In fact, this story ends with the death of the character
that we readers knew all along would be the vic. A cruel female artist invites
her admirers, hangers-on, and enemies to a New Year’s Eve party. The guests
include the enigmatic three sisters of the title. Each of the guests has a motive
to knock her off. They play The Murder Game in the dark. In short, it is
inevitable that the cruel artist will get her fatal come-uppance.

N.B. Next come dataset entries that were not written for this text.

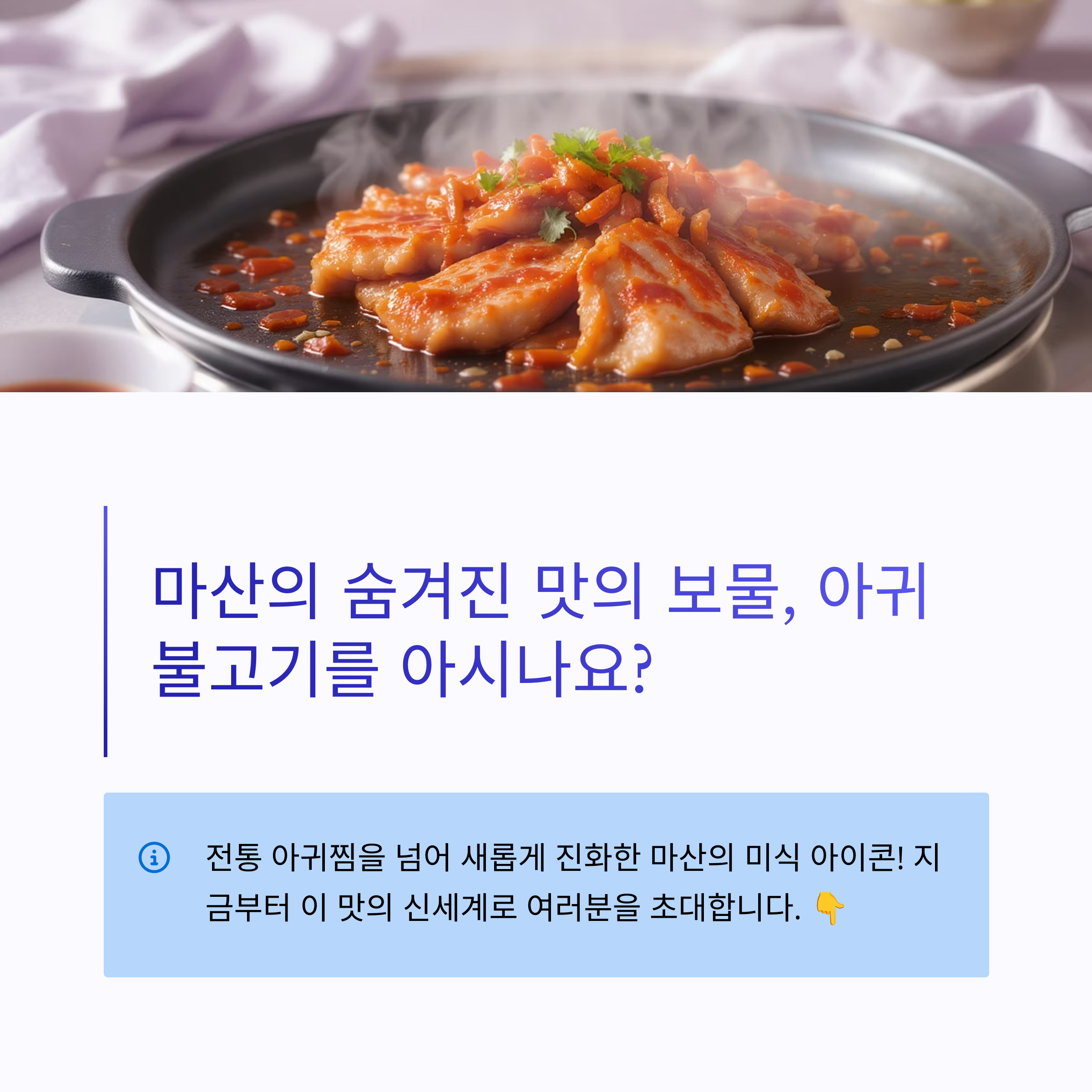 대한민국 근대산업화의 현장이었던 마산항 그 안에 이런 진귀한 음식이 있다는 것을 아는 사람 많지않다 아귀 불고기 맛을 아는 사람은 행복한 사람이다
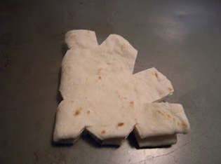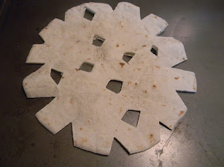 Fold the tortilla and cut it with a pair of kitchen shears like you would a paper snowflake. If your kids are bigger or if you have scissors safe for smaller children this is a fun activity for the kids to do. They do not need to be perfect, all snowflakes are different.
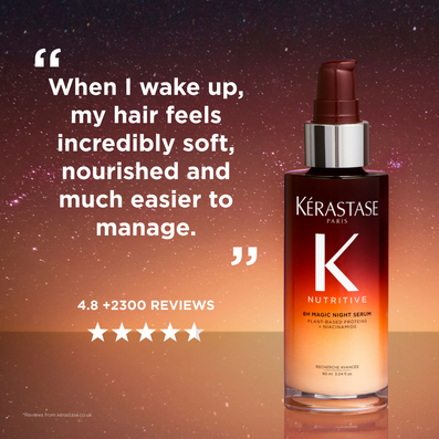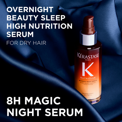 Kérastase Nutritive 8H Magic Night Serum (90ml) is an overnight serum for dry hair, leaving it feeling smooth for up to 8 hours. This overnight hair treatment with a lightweight texture has been enriched with anti-dryness polymers for immediate care. It works for up to 8 hours to smooth and strengthen dry hair, protecting it from pillow friction and the resultant frizz and extra volume. It effectively increases shine, strength and softness.

Inevitability is what Mary Fitt explores, as well as the
psychology of women and the interplay of characters who are educated beyond
their intelligence. Kathleen Freeman (1879-1959) was educated at the
University College of South Wales (Cardiff). She lectured there in the Greek
classics from 1919 to 1946. English crime fiction writer H.R.F. Keating said,
“As might be expected from a lecturer in Classical Greek, the novels of Mary
Fitt are patently the product of a cultivated mind. A character in them is
likely to comment on a situation with the words ‘as in Turgeniev’, and the
reader is expected to pick up the allusion.”
Clearly, the novels of Mary Fitt are not for every reader. She’d be appreciated by readers who like academic mysteries by writers such as Michael Innes, Nicholas Blake, or Josephine Tey.